▶
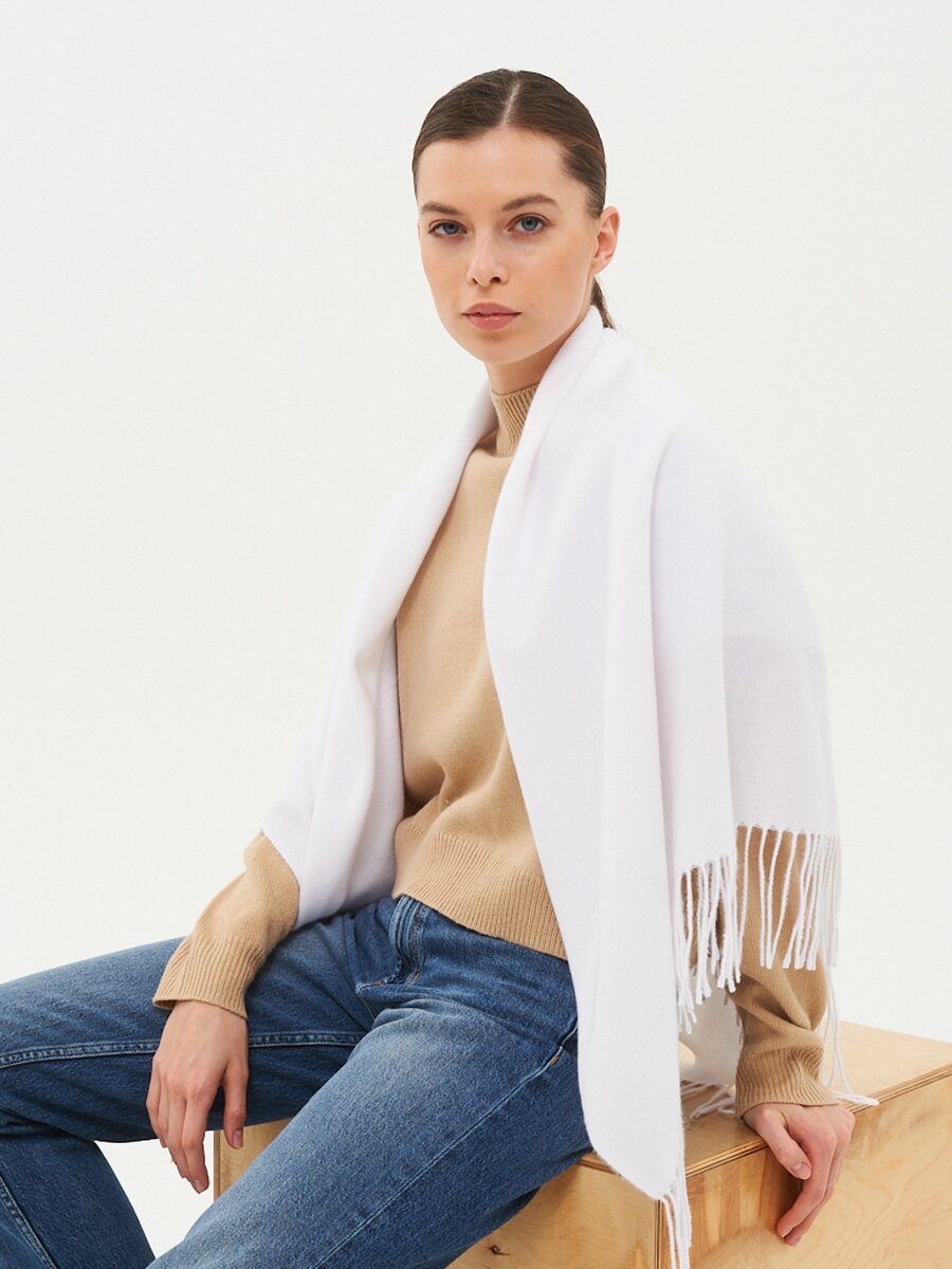 Платок Павловопосадская платочная мануфактура для женщин,65х65 см, белый
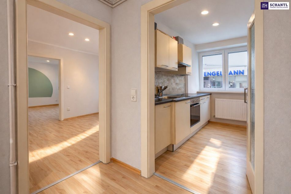 Die getrennte Küche ist ein klarer Vorteil gegenüber vielen offenen Wohnlösungen. Die beiden Zimmer bieten flexible Nutzungsmöglichkeiten – ob als klassisches Wohn-/Schlafkonzept oder mit Homeoffice-Lösung.
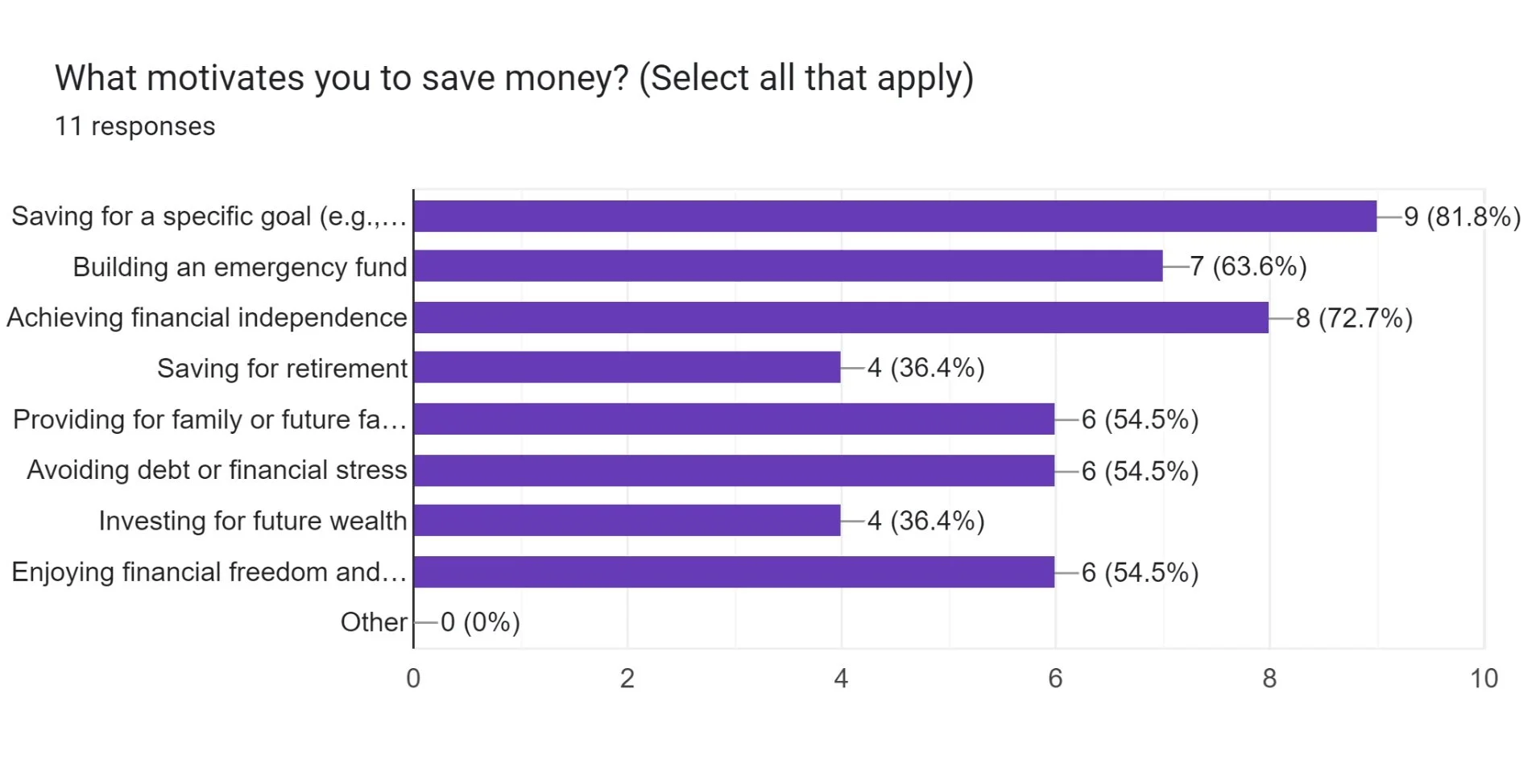 9 out of 11 chose saving for a specific goal, 7 out of 11 chose achieving financial independence, and 6 out of 11 chose providing for family or future family, investing for future wealth, and enjoying financial freedom and flexibility.
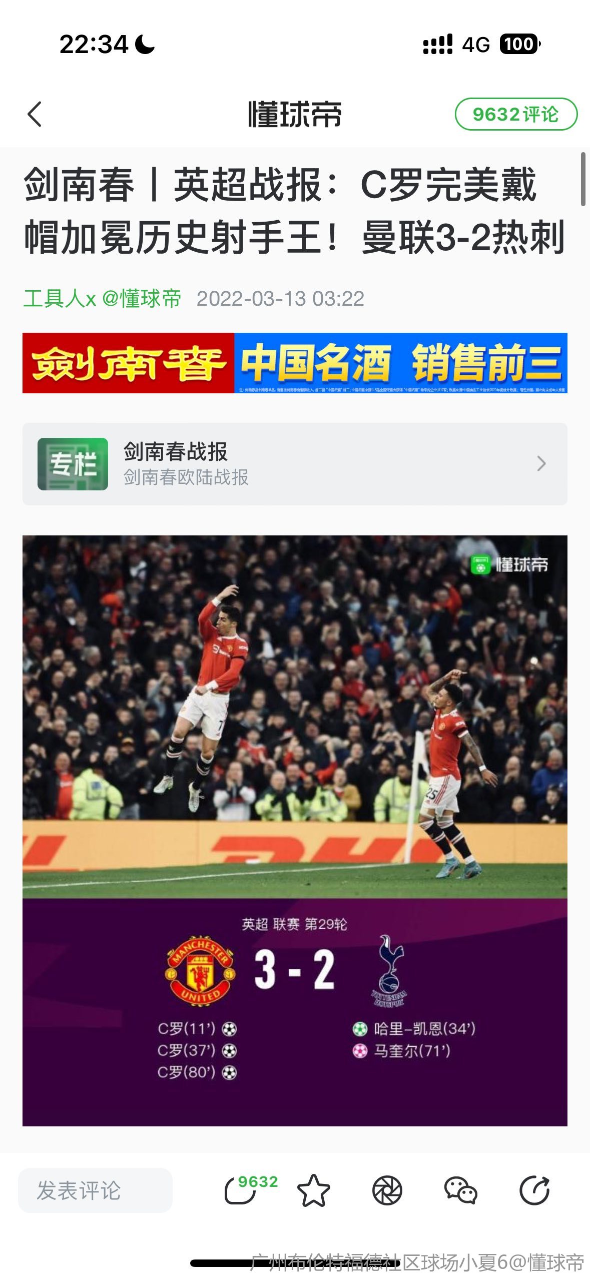 我还说上次客场击败热刺C罗帽子戏法呢
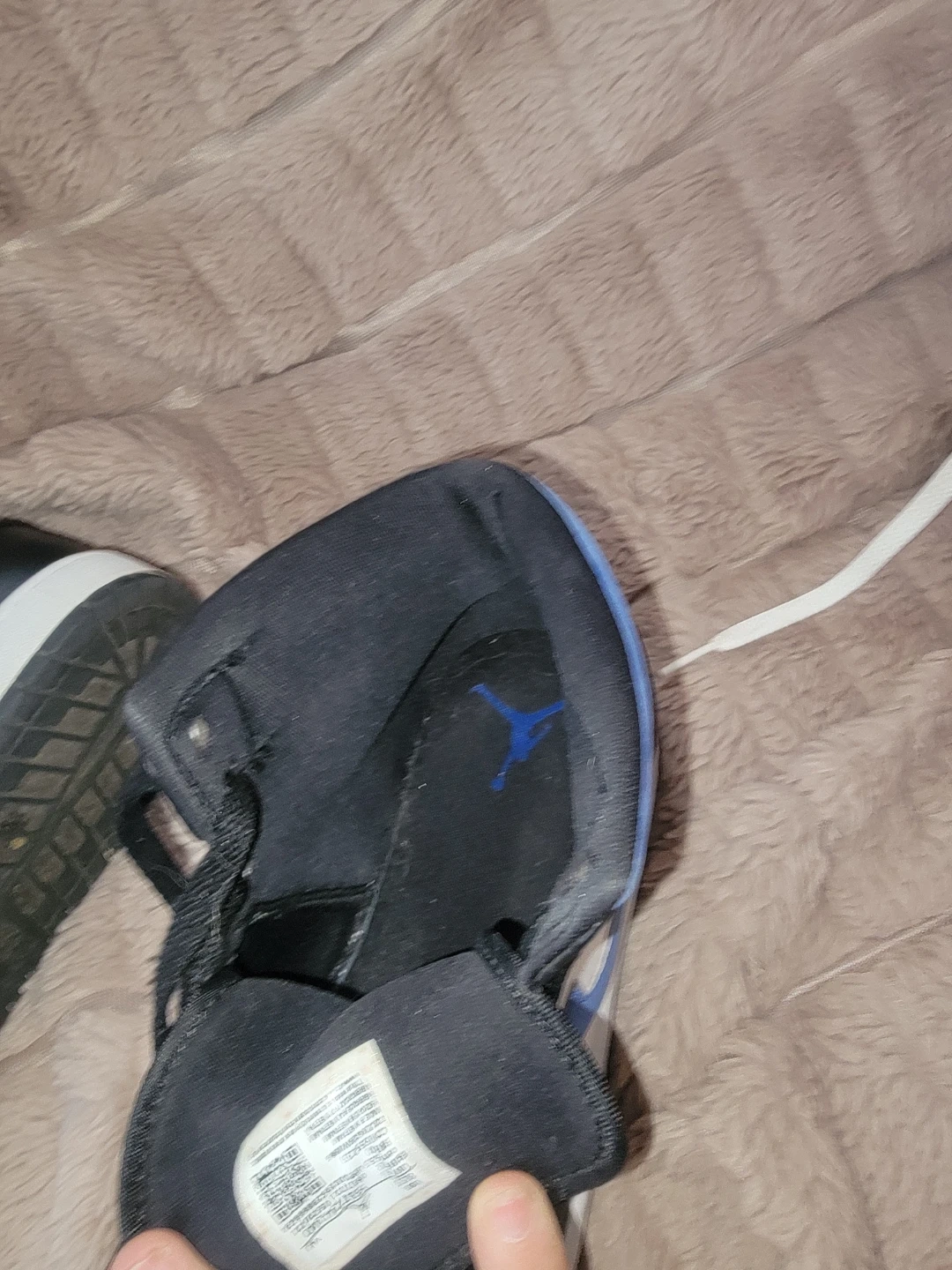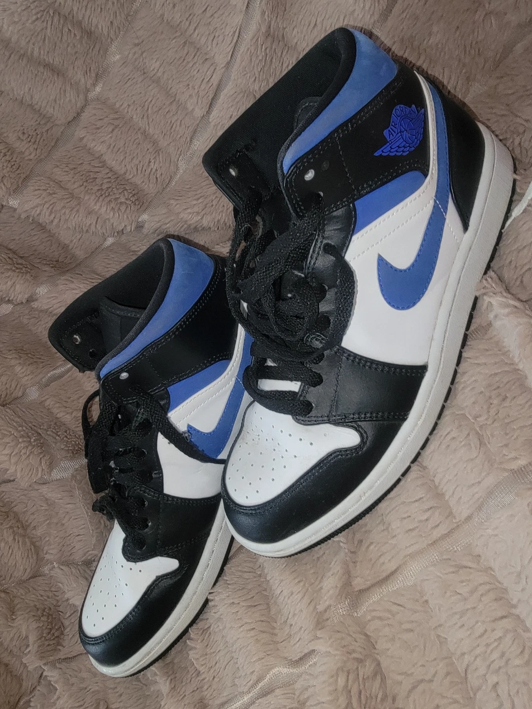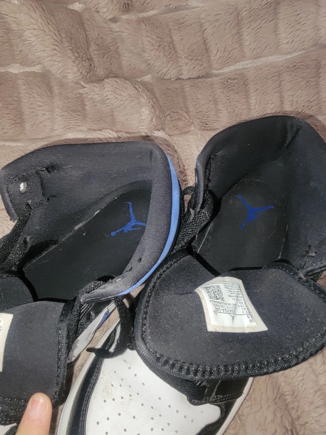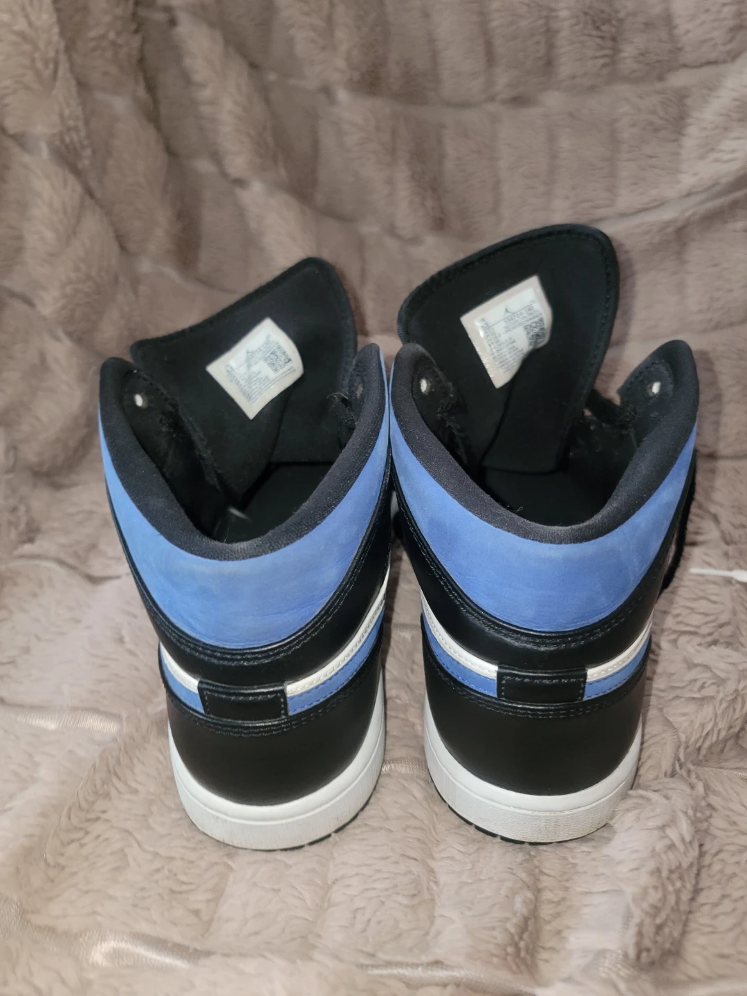 These are Nike Air Jordan 1 High OG sneakers. They feature a black, white, and blue colourway with a leather and suede construction. The iconic Jumpman logo is visible on the tongue and insole. This classic silhouette is perfect for sneaker enthusiasts and everyday wear.
◀
Your assignment >> Write out the lines of the material above exactly, from its first line through the line that contains "Die getrennte Küche", so that no picture appears in the copy.

Answer area >>
 Платок Павловопосадская платочная мануфактура для женщин,65х65 см, белый
 Die getrennte Küche ist ein klarer Vorteil gegenüber vielen offenen Wohnlösungen. Die beiden Zimmer bieten flexible Nutzungsmöglichkeiten – ob als klassisches Wohn-/Schlafkonzept oder mit Homeoffice-Lösung.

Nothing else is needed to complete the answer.